Define efficiency as: (a) (%) efficiency = (useful energy output) / (total energy input) (× 100%) (b) (%) efficiency = (useful power output) / (total power input) (× 100%) recall and use these equations

1.7.3 Energy Resources – Efficiency

Learning Objective

Define efficiency and use the following equations to calculate it:

1. Percentage efficiency based on energy:

   \$\text{Efficiency (\%)} = \frac{\text{useful energy output}}{\text{total energy input}} \times 100\%\$

2. Percentage efficiency based on power:

   \$\text{Efficiency (\%)} = \frac{\text{useful power output}}{\text{total power input}} \times 100\%\$

What is Efficiency?

Efficiency measures how well a device or system converts the energy (or power) supplied to it into useful work or output.
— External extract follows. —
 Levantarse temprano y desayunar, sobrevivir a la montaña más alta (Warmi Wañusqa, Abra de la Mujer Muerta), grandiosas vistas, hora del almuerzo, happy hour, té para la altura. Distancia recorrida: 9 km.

Because some energy is always lost as heat, sound, light, or other forms, the efficiency is always less than 100 %.

Key Points

• Efficiency is expressed as a percentage.
• It can be calculated using either energy or power; the result is the same because power is the rate of energy transfer.
• A higher efficiency means less waste and often lower operating costs.
• Typical efficiencies vary widely between different energy resources and technologies.

Using the Equations

When you know the useful output and the total input, substitute them directly into the appropriate formula.

Example (energy form):

\$\text{Efficiency (\%)} = \frac{2500\ \text{kJ (useful)}}{5000\ \text{kJ (input)}} \times 100\% = 50\%\$

Example (power form):

\$\text{Efficiency (\%)} = \frac{1.2\ \text{kW (useful)}}{2.0\ \text{kW (input)}} \times 100\% = 60\%\$

Typical Efficiencies of Common Energy Resources

Why Efficiency Matters

• Cost: Higher efficiency reduces fuel or electricity bills.
• Environment: Less waste energy usually means lower emissions.
• Design: Engineers aim to maximise efficiency within practical limits.
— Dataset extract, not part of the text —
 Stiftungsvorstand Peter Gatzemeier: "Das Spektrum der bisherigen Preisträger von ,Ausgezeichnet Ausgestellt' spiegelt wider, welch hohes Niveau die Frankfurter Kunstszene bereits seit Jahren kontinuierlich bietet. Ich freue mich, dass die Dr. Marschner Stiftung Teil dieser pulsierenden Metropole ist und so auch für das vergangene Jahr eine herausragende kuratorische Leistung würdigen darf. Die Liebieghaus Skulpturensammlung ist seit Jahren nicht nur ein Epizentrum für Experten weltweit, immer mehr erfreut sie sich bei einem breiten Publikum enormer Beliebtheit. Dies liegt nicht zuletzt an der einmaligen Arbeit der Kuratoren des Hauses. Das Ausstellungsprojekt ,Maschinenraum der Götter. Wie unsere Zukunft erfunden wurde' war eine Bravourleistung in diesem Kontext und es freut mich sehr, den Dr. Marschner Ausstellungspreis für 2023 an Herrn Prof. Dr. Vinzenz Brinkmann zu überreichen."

Sample Calculation – Coal Power Plant

Suppose a coal power plant receives 1.0 × 10⁹ J of chemical energy from coal and produces 3.2 × 10⁸ J of electrical energy.

\$\text{Efficiency (\%)} = \frac{3.2 \times 10^{8}\ \text{J}}{1.0 \times 10^{9}\ \text{J}} \times 100\% = 32\%\$

The remaining 68 % is lost as heat in the boiler, exhaust gases, and cooling system.

Practice Questions

1. A light bulb uses 60 W of electrical power and produces 12 W of visible light. Calculate its efficiency.
2. A hydroelectric dam releases water with a potential energy of 5.0 × 10⁹ J and generates 4.2 × 10⁹ J of electrical energy. What is its efficiency?
3. Compare the efficiencies of a gasoline car (25 %) and an electric car (90 %). If both travel 100 km, which uses less energy from the primary source? Explain briefly.

Key Take‑away

Efficiency provides a simple way to compare how well different energy resources and devices convert input energy into useful output. Mastery of the two efficiency formulas allows you to evaluate and optimise real‑world systems.